Buruh: PP Gambut di Pesan Asing

id buruh pp gambut di pesan asing

Pekanbaru, (Antarariau.com) - Kalangan buruh di Riau menyakini terbitnya Peraturan Pemerintah (PP) Nomor 71 Tahun 2014 tentang Pengelolaan dan Perlindungan Ekosistem Gambut merupakan pesanan pihak asing, karena akan mengorbankan tenaga kerja dan petani di sektor budi daya gambut.

"Bagi kami, pemerintah Republik Indonesia ini jangan menjadi corongnya asing. Menurut kami, ini (PP Gambut) adalah bentuk pesanan," ujar Koordinator Wilayah Konfederasi Serikat Buruh Sejahtera Indonesia (KSBSI) Riau, Patar Sitanggang di Pekanbaru, Senin.

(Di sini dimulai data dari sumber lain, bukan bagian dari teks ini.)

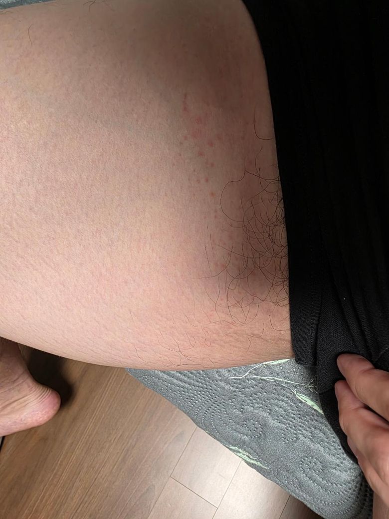 방금 샤워하려고 보니까 허벅지와 엉덩이에 속옷입은 쪽에만 이런것들이 나있고 살짝 가려운데, 땀띠 증상일까요? 다른 병일 가능성도 있나요?? 아침까지는 없었습니다. 너무 직접적인 사진 죄송합니다. 답변 부탁드리면너무 감사할 것 같습니다
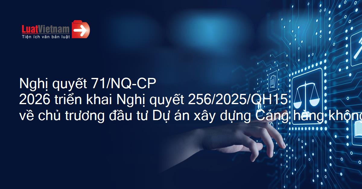 Nghị quyết 71/NQ-CP của Chính phủ triển khai Nghị quyết 256/2025/QH15 ngày 11/12/2025 của Quốc hội về chủ trương đầu tư Dự án đầu tư xây dựng Cảng hàng không quốc tế Gia Bình
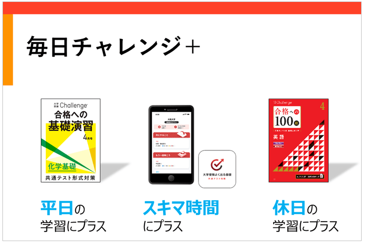 机に向かって着実に身につける紙教材、平日に取り組む『大学受験チャレンジ』と、スキマ時間に本格的な基礎定着が図れる「大学受験よく出る基礎」アプリです。
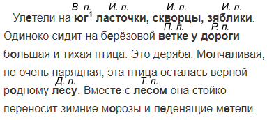Ул..тели на юг1 ласточки, скв..рцы, зяблики. Од..ноко с..дит на б..рёзовой ветке у д..роги б..льшая и тихая птица. Это деряба. М..лч..ливая, не очень нарядная, эта птица осталась верной р..дному лесу. Вмест.. с лесом она стойко переносит зимние м..розы и л..денящие м..тели.
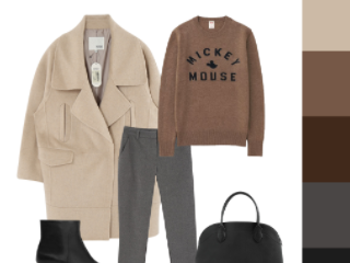 톤온톤 코디라는 말이 어렵다면 일명 깔맞춤을 떠올리면 쉽다. 비슷한 톤으로 색을 맞추기 때문에 어렵지 않고 무난한 듯 센스 있어 보이는 효과를 줄 수 있다. 베이지 컬러와 브라운 컬러, 진한 그레이와 연한 그레이 등이 대표적인 톤온톤 코디 사례다. 부드러운 이미지의 웜톤에게 잘 어울리는 조합이기도 하다.
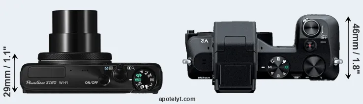 The physical size and weight of the Canon S120 and the Nikon 1 V2 are illustrated in the side-by-side display below. The two cameras are presented according to their relative size. Three consecutive views from the front, the top, and the rear side are shown. All size dimensions are rounded to the nearest millimeter.

Seperti diketahui, terbitnya regulasi gambut merupakan turunan dari Undang-undang No.31/2009 tentang Perlindungan dan Pengelolaan Lingkungan Hidup jelang berakhirnya masa pemerintahan Presiden Susilo Bambang Yudhoyono di bulan September 2014.

Terbitnya peraturan pemerintah itu, menurut Sitanggang, dinilai belum sempat memikirkan kepentingan dari kaum buruh yang harus menghidupi dirinya dan keluarganya dengan berkerja pada sektor perkebunan dan industri kertas di Riau sekitar 220 ribu orang.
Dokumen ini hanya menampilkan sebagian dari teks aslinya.